Tribulus terrestris L. Extract Protects against Lipopolysaccharide-Induced Inflammation in RAW 264.7 Macrophage and Zebrafish via Inhibition of Akt/MAPKs and NF-κB/iNOS-NO Signaling Pathways.

Inflammation response is a regulated cellular process and excessive inflammation has been recognized in numerous diseases, such as cardiovascular disease, neurodegenerative disease, inflammatory bowel disease, and cancer. Tribulus terrestris L. (TT), also known as Bai Jili in Chinese, has been applied in traditional Chinese medicine for thousands of years while its anti-inflammatory activity and underlying mechanism are not fully elucidated.

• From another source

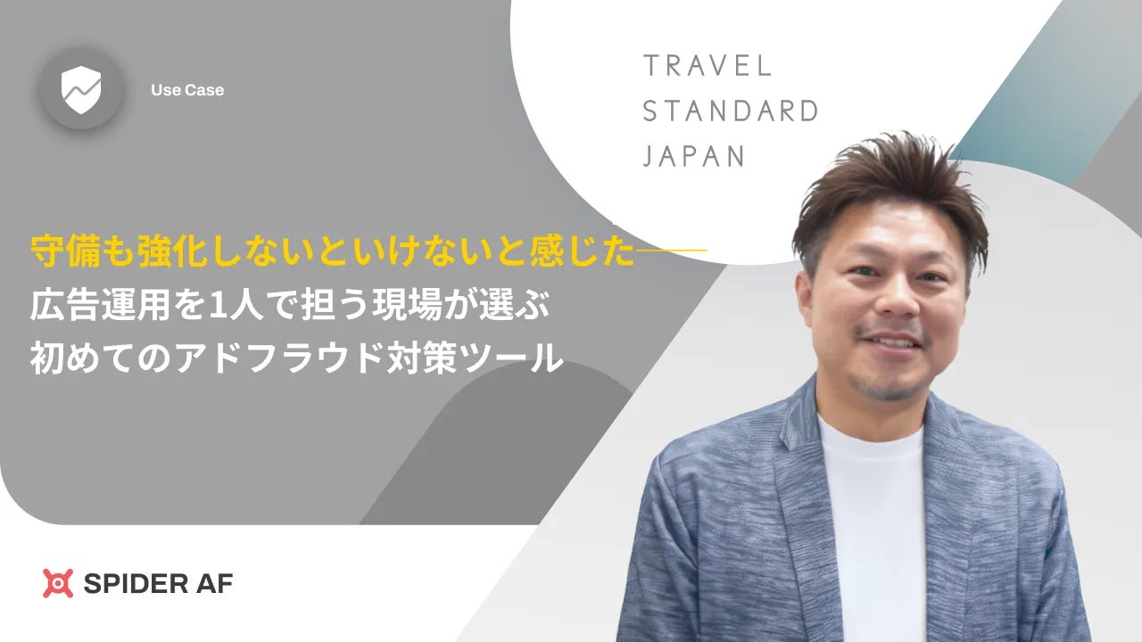 「Spider Labs」)は、Web広告における「不正クリック」や「偽のCV」など、広告費を消耗させる不正=アドフラウドへの対策として、アドフラウド対策ツール「Spider AF(スパイダーエーエフ)」を導入したトラベル・スタンダード・ジャパン株式会社(東京都豊島区、代表者:横治 祐介)の活用事例を公開しました。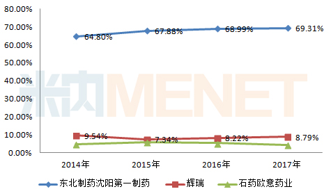 從2017年的數(shù)據(jù)看,東北制藥以69.31%的市場(chǎng)份額位居首位,原研廠家輝瑞以8.79%的比例緊接其后。從近幾年各大品牌的市場(chǎng)份額變化看,東北制藥基本呈現(xiàn)穩(wěn)定增長(zhǎng)的態(tài)勢(shì),輝瑞的市場(chǎng)份額則有所波動(dòng)。

Here, we hypothesize Tribulus terrestris L. extract (BJL) which presents anti-inflammatory effect, and the action mechanism was also investigated. We employed the transgenic zebrafish line Tg(MPO:GFP), which expresses green fluorescence protein (GFP) in neutrophils, and mice macrophage RAW 264.7 cells as the in vivo and in vitro model to evaluate the anti-inflammatory effect of BJL, respectively. The production of nitric oxide (NO) was measured by Griess reagent. The mRNA expression levels of inflammatory cytokines and inducible nitric oxide synthase (iNOS) were measured by real-time PCR, and the intracellular total or phosphorylated protein levels of NF-κB, Akt, and MAPKs including MEK, ERK, p38, and JNK were detected by western blot. We found that BJL significantly inhibited fin transection or lipopolysaccharide- (LPS-) induced neutrophil migration and aggregation in zebrafish in vivo. In mice macrophage RAW 264.7 cells, BJL ameliorated LPS-triggered excessive release of NO and transcription of inflammatory cytokine genes including tumor necrosis factor-alpha (TNF-α), interleukin-6 (IL-6), and interleukin-1 beta (IL-1ß). BJL also reduced the LPS-induced elevations of intracellular iNOS and nuclear factor kappa B (NF-κB) which mediate the cellular NO and inflammatory cytokine productions, respectively. Moreover, LPS dramatically increased the phosphorylation of Akt and MAPKs including MEK, ERK, p38, and JNK in RAW 264.7 cells, while cotreatment BJL with LPS suppressed their phosphorylation. Taken together, our data suggested that BJL presented potent anti-inflammatory effect and the underlying mechanism was closely related to the inhibition of Akt/MAPKs and NF-κB/iNOS-NO signaling pathways.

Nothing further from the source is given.